Cold Spring Harbor Laboratory, 1 Bungtown Road, Cold Spring Harbor, NY 11724, USA.
Proc Natl Acad Sci U S A. 2012 Jan 17;109(3):E103-10. doi: 10.1073/pnas.1106233109. Epub 2011 Dec 29.
Genomic copy number variation underlies genetic disorders such as autism, schizophrenia, and congenital heart disease. Copy number variations are commonly detected by array based comparative genomic hybridization of sample to reference DNAs, but probe and operational variables combine to create correlated system noise that degrades detection of genetic events. To correct for this we have explored hybridizations in which no genetic signal is expected, namely "self-self" hybridizations (SSH) comparing DNAs from the same genome. We show that SSH trap a variety of correlated system noise present also in sample-reference (test) data. Through singular value decomposition of SSH, we are able to determine the principal components (PCs) of this noise. The PCs themselves offer deep insights into the sources of noise, and facilitate detection of artifacts. We present evidence that linear and piecewise linear correction of test data with the PCs does not introduce detectable spurious signal, yet improves signal-to-noise metrics, reduces false positives, and facilitates copy number determination.

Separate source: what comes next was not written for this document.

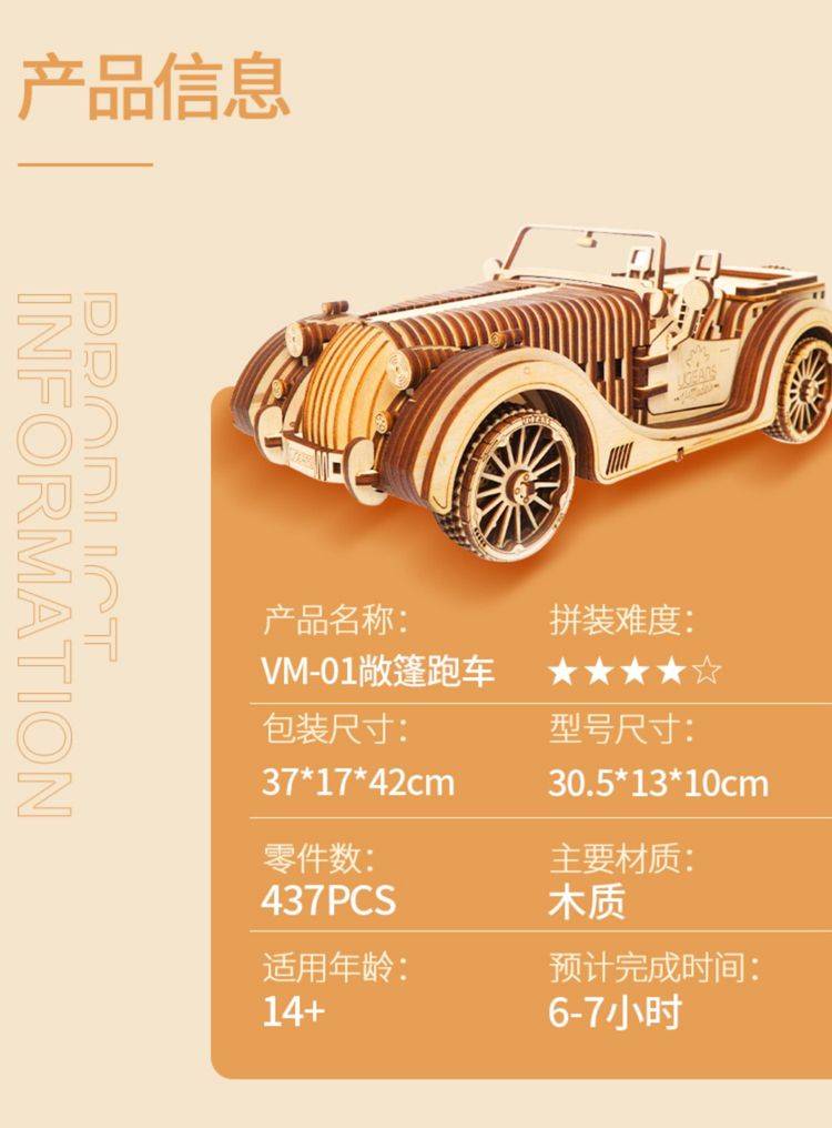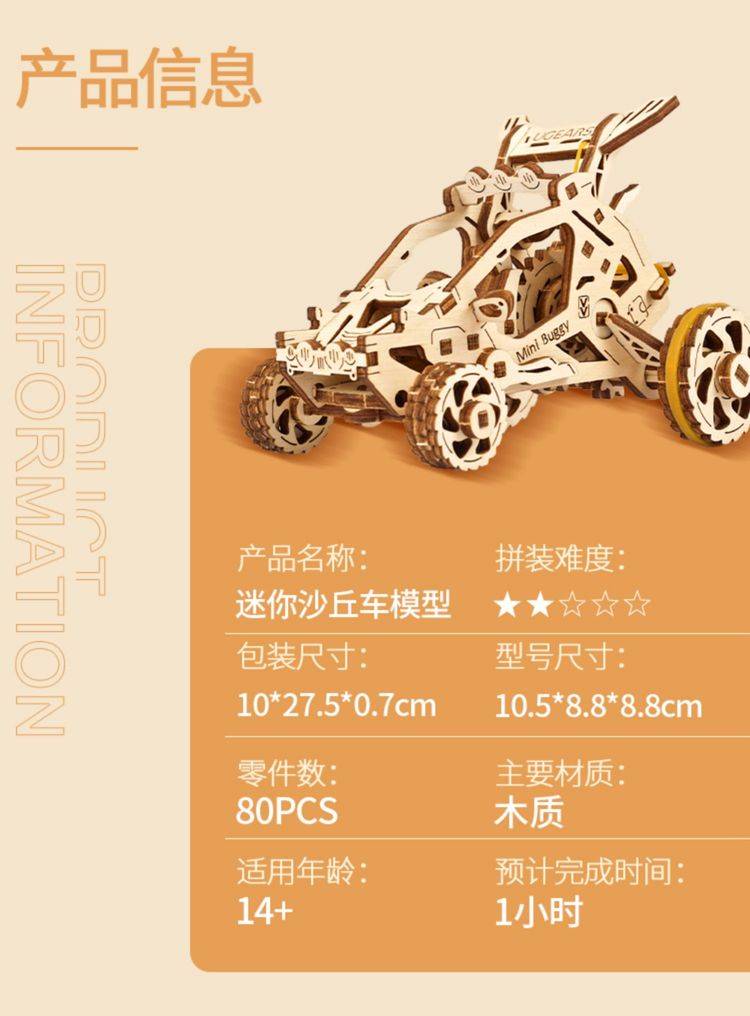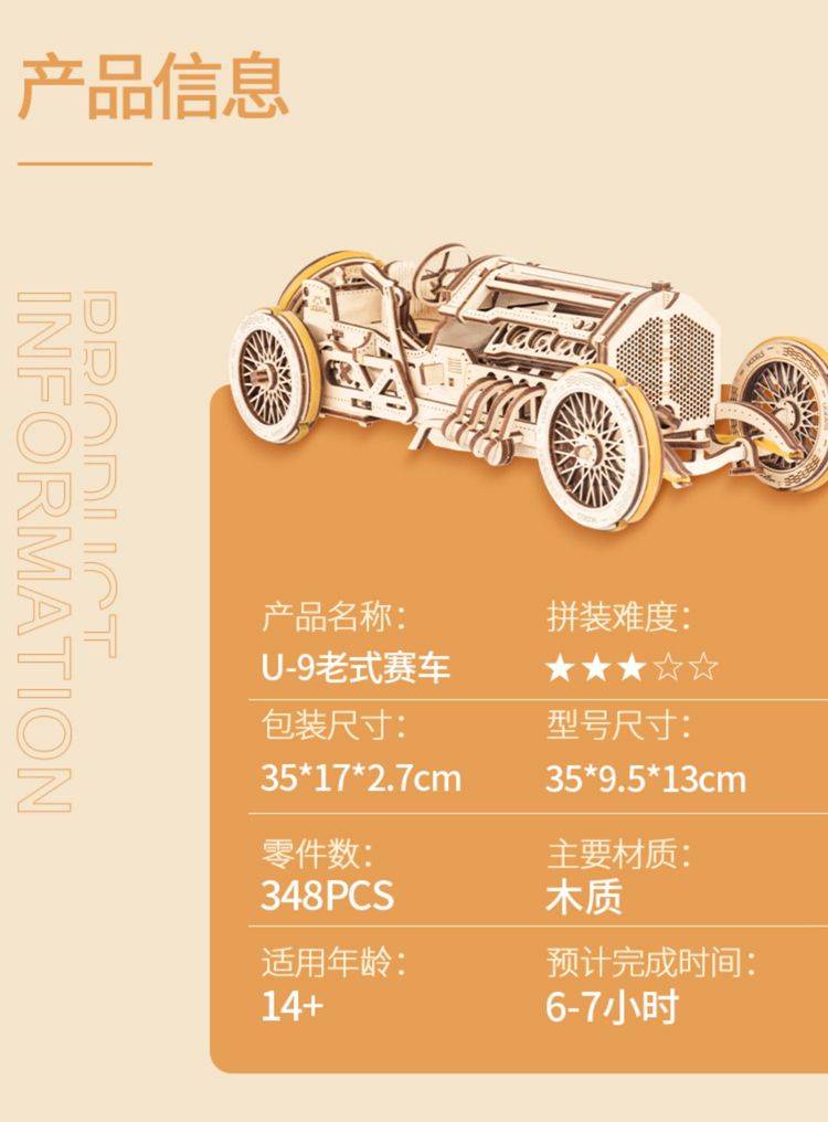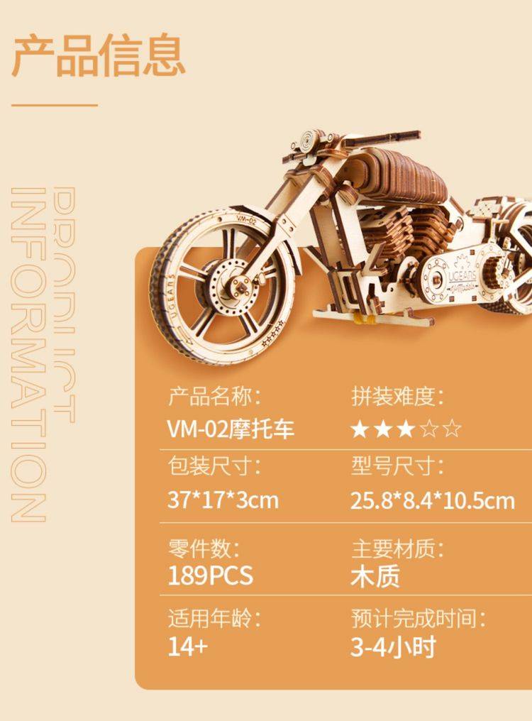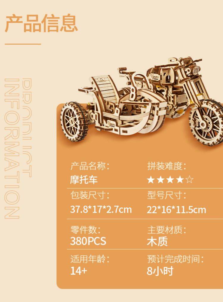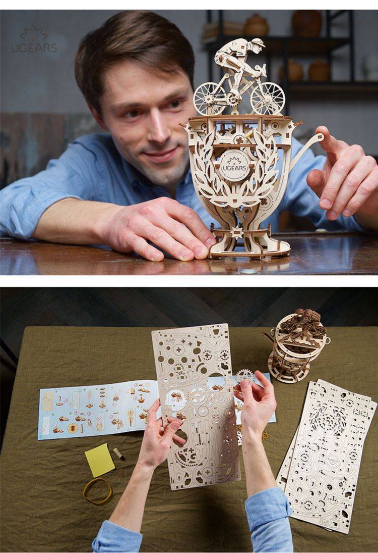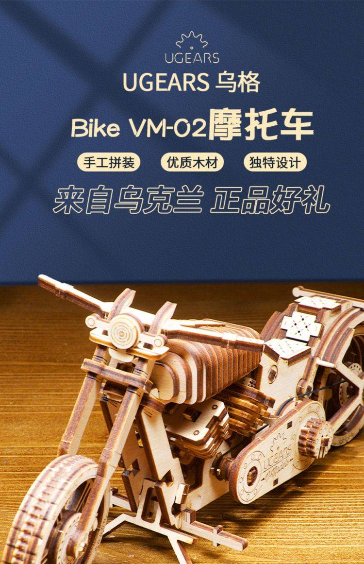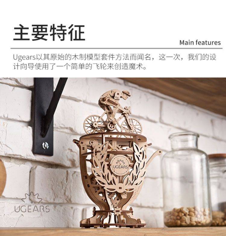 UGEARS自动骑行木质拼图 手工机械DIY玩具 独特设计

基因组拷贝数变异是导致自闭症、精神分裂症和先天性心脏病等遗传疾病的基础。通过对样本和参考 DNA 进行基于阵列的比较基因组杂交,可以检测到拷贝数变异,但探针和操作变量的组合会产生相关的系统噪声,从而降低对遗传事件的检测能力。为了解决这个问题,我们探索了在没有预期遗传信号的情况下进行杂交,即“自-自”杂交(SSH),比较来自同一基因组的 DNA。我们表明,SSH 可以捕获样品-参考(测试)数据中存在的各种相关系统噪声。通过 SSH 的奇异值分解,我们能够确定这些噪声的主成分(PCs)。这些 PCs 本身深入揭示了噪声的来源,并有助于发现伪影。我们提供的证据表明,用 PCs 对测试数据进行线性和分段线性校正不会引入可检测的虚假信号,但可以提高信噪比度量,减少假阳性,并有助于确定拷贝数。